* _Records for processing_:
--*--

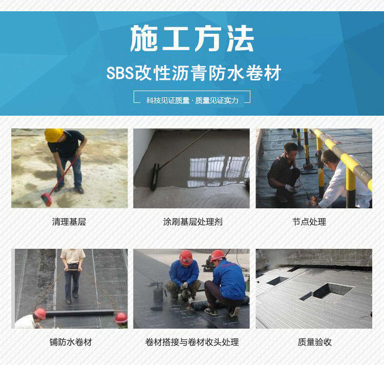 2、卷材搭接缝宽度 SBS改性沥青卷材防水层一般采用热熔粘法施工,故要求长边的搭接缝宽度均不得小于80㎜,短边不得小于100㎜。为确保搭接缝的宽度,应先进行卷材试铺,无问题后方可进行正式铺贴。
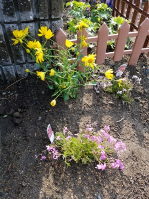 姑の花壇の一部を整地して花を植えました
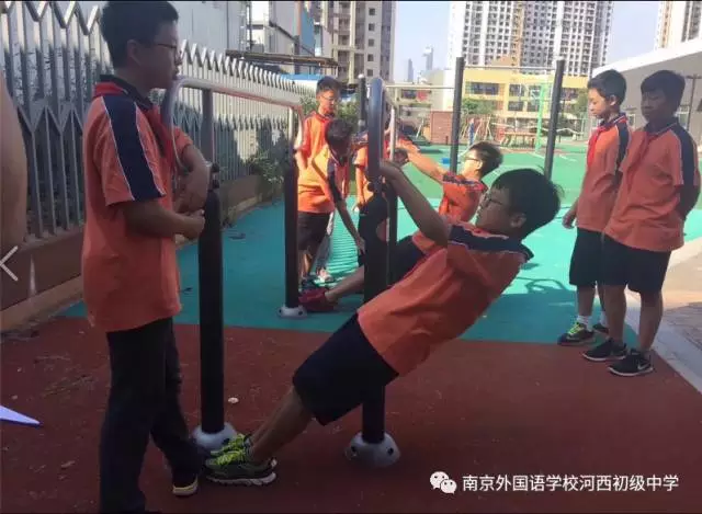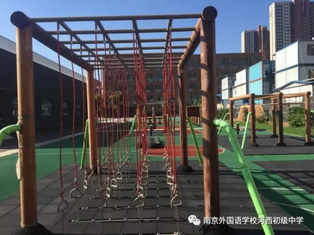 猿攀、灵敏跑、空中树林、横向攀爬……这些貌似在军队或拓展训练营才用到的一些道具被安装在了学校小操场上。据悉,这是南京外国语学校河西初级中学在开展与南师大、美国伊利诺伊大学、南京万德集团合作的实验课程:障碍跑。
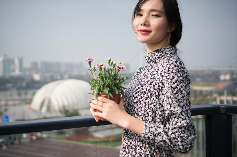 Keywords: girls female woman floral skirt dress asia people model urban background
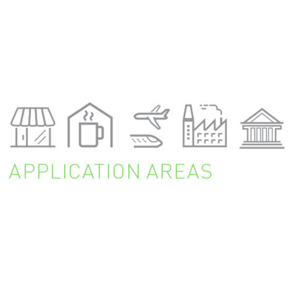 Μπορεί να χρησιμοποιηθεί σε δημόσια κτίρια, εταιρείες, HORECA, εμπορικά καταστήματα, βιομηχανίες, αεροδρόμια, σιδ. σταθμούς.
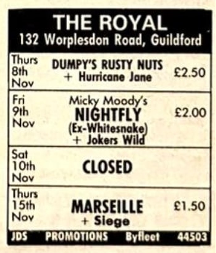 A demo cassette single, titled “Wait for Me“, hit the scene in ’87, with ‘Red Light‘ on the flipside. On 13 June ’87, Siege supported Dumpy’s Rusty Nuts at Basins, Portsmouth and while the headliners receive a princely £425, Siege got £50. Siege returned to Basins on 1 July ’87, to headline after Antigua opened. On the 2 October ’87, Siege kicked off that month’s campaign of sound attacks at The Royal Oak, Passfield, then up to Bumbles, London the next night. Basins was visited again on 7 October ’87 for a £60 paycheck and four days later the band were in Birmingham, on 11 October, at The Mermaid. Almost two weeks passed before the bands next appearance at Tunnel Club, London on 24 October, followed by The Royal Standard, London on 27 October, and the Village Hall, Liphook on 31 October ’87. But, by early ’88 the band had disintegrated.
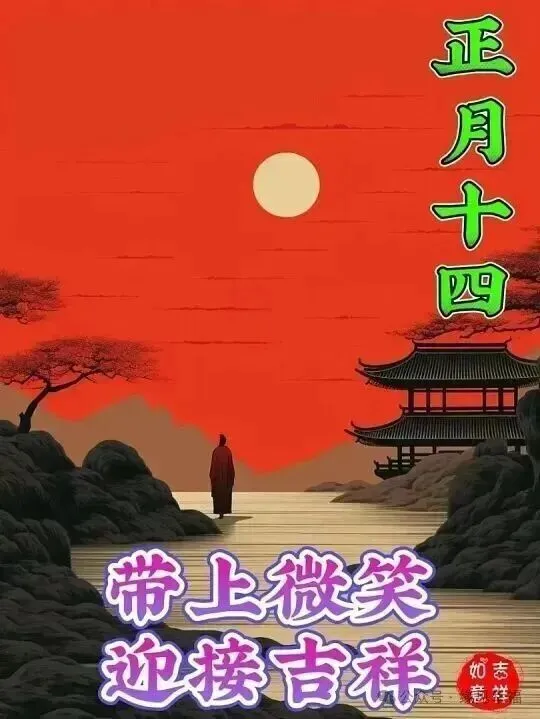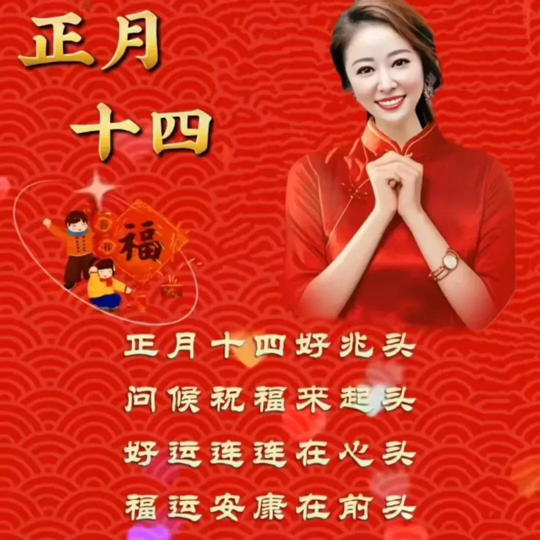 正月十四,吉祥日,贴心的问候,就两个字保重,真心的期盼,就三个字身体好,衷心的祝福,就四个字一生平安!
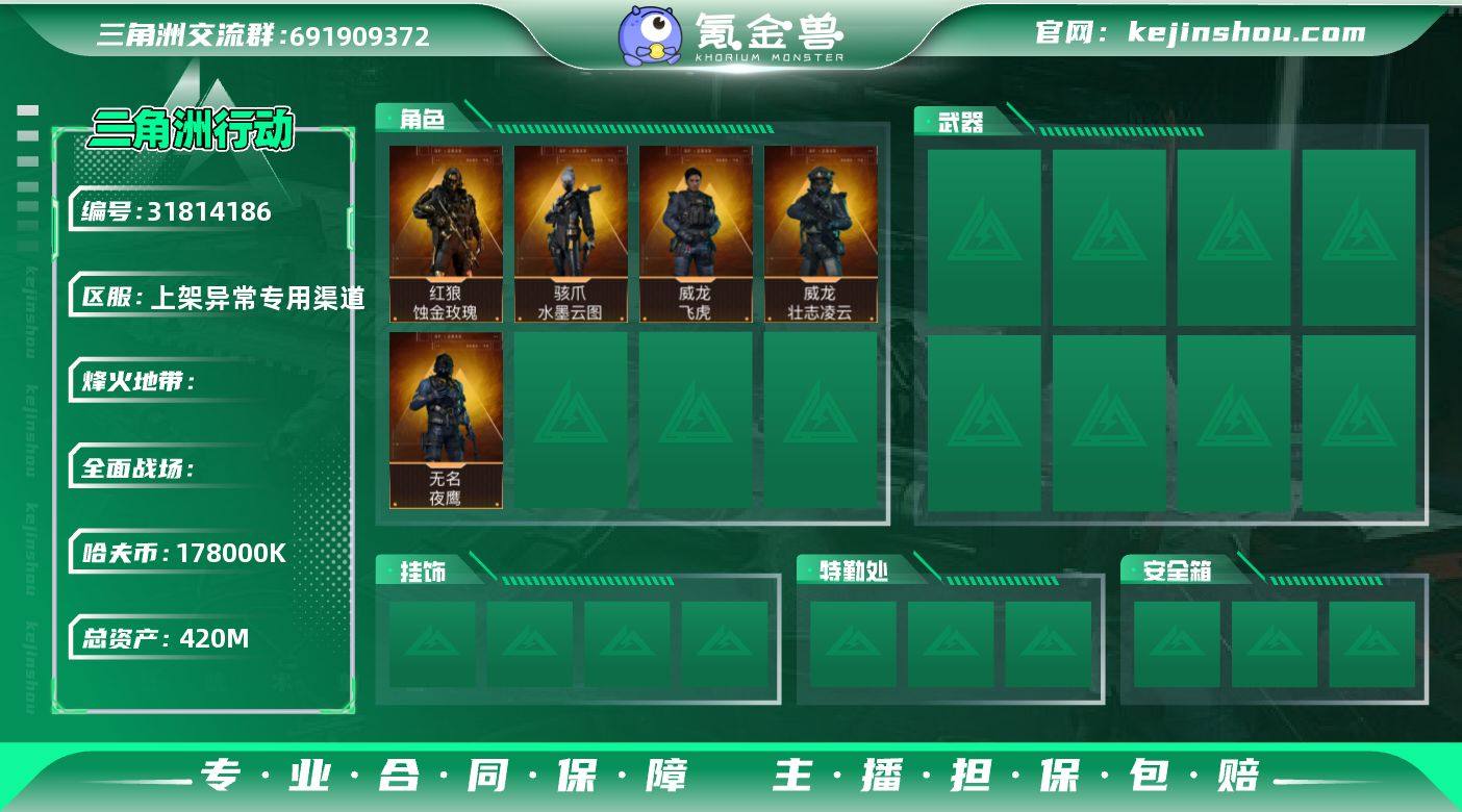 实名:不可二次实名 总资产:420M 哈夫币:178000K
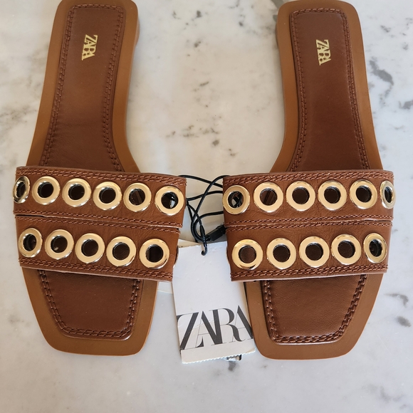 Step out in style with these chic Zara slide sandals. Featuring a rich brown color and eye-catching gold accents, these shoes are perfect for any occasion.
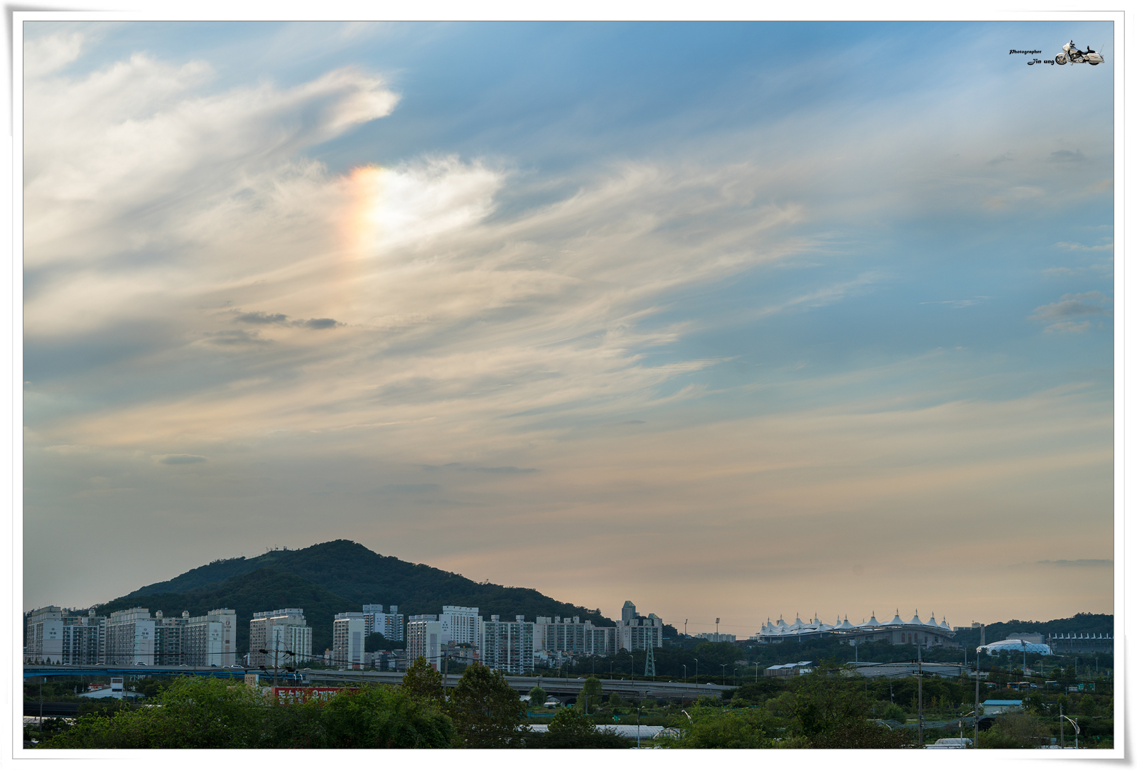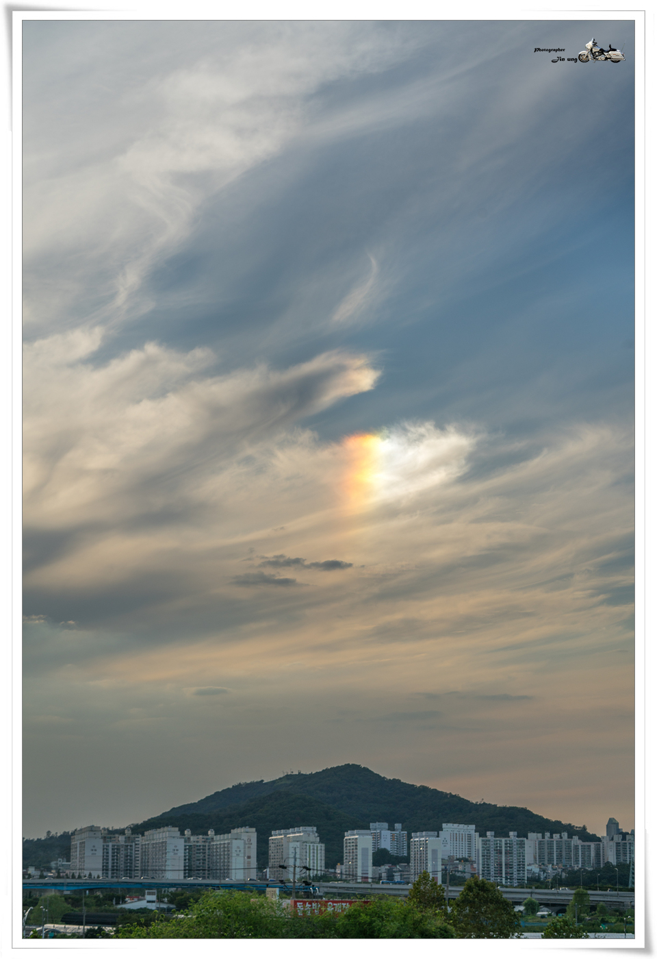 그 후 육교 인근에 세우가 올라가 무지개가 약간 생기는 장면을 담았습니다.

--*--

All that is needed is an exact copy of the lines from the top of the entries through the line containing "实名:不可二次实名 总资产:420M 哈夫币:178000K", pictures left out.

 2、卷材搭接缝宽度 SBS改性沥青卷材防水层一般采用热熔粘法施工,故要求长边的搭接缝宽度均不得小于80㎜,短边不得小于100㎜。为确保搭接缝的宽度,应先进行卷材试铺,无问题后方可进行正式铺贴。
 姑の花壇の一部を整地して花を植えました
 猿攀、灵敏跑、空中树林、横向攀爬……这些貌似在军队或拓展训练营才用到的一些道具被安装在了学校小操场上。据悉,这是南京外国语学校河西初级中学在开展与南师大、美国伊利诺伊大学、南京万德集团合作的实验课程:障碍跑。
 Keywords: girls female woman floral skirt dress asia people model urban background
 Μπορεί να χρησιμοποιηθεί σε δημόσια κτίρια, εταιρείες, HORECA, εμπορικά καταστήματα, βιομηχανίες, αεροδρόμια, σιδ. σταθμούς.
 A demo cassette single, titled “Wait for Me“, hit the scene in ’87, with ‘Red Light‘ on the flipside. On 13 June ’87, Siege supported Dumpy’s Rusty Nuts at Basins, Portsmouth and while the headliners receive a princely £425, Siege got £50. Siege returned to Basins on 1 July ’87, to headline after Antigua opened. On the 2 October ’87, Siege kicked off that month’s campaign of sound attacks at The Royal Oak, Passfield, then up to Bumbles, London the next night. Basins was visited again on 7 October ’87 for a £60 paycheck and four days later the band were in Birmingham, on 11 October, at The Mermaid. Almost two weeks passed before the bands next appearance at Tunnel Club, London on 24 October, followed by The Royal Standard, London on 27 October, and the Village Hall, Liphook on 31 October ’87. But, by early ’88 the band had disintegrated.
 正月十四,吉祥日,贴心的问候,就两个字保重,真心的期盼,就三个字身体好,衷心的祝福,就四个字一生平安!
 实名:不可二次实名 总资产:420M 哈夫币:178000K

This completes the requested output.